The United States is, undeniably, facing difficult times.  The American Heritage Resource Education Foundation says these problems arise partly because the citizens are forsaking their roots, expecting to remain civilized and free while being ignorant of the past. The website proclaims, “The experts agree–America is in such significant social, cultural, philosophical, governmental, and educational decline that, if continued unabated, it will result in the death of the country.”   


For a country built on the concepts of “individual rights and the four key themes  of Freedom, Unity, Progress, and Responsibility,” disaster looms when these concepts are no longer taught and reinforced in schools and institutions.


The mission of the American Heritage Resource Education Foundation, Inc. is to promote constructive citizenship among students and citizens by teaching, reinforcing, and practicing these four themes.  That is why they put together the Adventure in Liberty curriculum supplement for grades K-12.  In its three levels, Elementary, Middle School, and High School, it discusses basic US documents, songs, and symbols, and teaches some US history and citizenship. 
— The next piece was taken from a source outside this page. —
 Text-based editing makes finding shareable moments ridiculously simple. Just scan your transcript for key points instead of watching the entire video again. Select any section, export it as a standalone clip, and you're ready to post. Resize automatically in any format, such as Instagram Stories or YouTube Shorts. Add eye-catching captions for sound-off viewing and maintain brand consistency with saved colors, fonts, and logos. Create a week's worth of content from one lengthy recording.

The elementary level of An Adventure in Liberty  features a silly radio play containing the chorus “We got to get independence.”  It also includes the Independence Game (to understand the effects of colonial rule), some crosswords of poor quality,  a silhouette of Washington, pictures of the signers of the Declaration of Independence(poor quality), president cards (decent quality), a list of Presidential Fast Facts (very interesting), and finger puppets.  Topics such as Thanksgiving Day, the flag, the Star Spangled Banner, the Pledge of Allegiance, and the National Motto are discussed as well.  For us Canadians, the information about the presidents is worthwhile, but the rest of this curriculum level is quite nationalistic.
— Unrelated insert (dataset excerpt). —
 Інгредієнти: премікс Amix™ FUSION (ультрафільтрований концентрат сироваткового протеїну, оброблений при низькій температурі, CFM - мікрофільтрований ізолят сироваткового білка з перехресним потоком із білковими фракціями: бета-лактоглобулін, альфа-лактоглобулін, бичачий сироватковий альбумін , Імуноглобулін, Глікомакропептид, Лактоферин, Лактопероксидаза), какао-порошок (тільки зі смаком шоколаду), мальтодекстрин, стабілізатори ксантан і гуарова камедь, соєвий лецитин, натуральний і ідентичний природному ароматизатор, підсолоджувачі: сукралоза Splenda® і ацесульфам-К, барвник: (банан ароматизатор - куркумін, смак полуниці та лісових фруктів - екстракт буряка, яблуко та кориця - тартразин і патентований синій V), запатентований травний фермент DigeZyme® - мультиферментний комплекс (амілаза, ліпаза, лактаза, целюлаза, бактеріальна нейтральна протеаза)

The middle school level   is much more appealing.  It contains the same Independence Game as the elementary level, but no poor quality puzzles.  Various documents, such as the Declaration of Independence, the Bill of Rights, and the Gettysburg Address are included and discussed.  The US motto is explained, with references to the Masonic affiliation of some of the founding fathers.  The Statue of Liberty and the Pledge of Allegiance are also included, as is a discussion of what a citizen is.


The high school level of An Adventure in Liberty contains the above documents, as well as the Mayflower Compact, a discussion of the First Amendment, and Federalist Paper #47.  These and other documents are carefully explained.  This level also includes a fascinating chapter about four successful entrepreneurs, Vanderbilt, Carnegie, Hill, and Rockefeller.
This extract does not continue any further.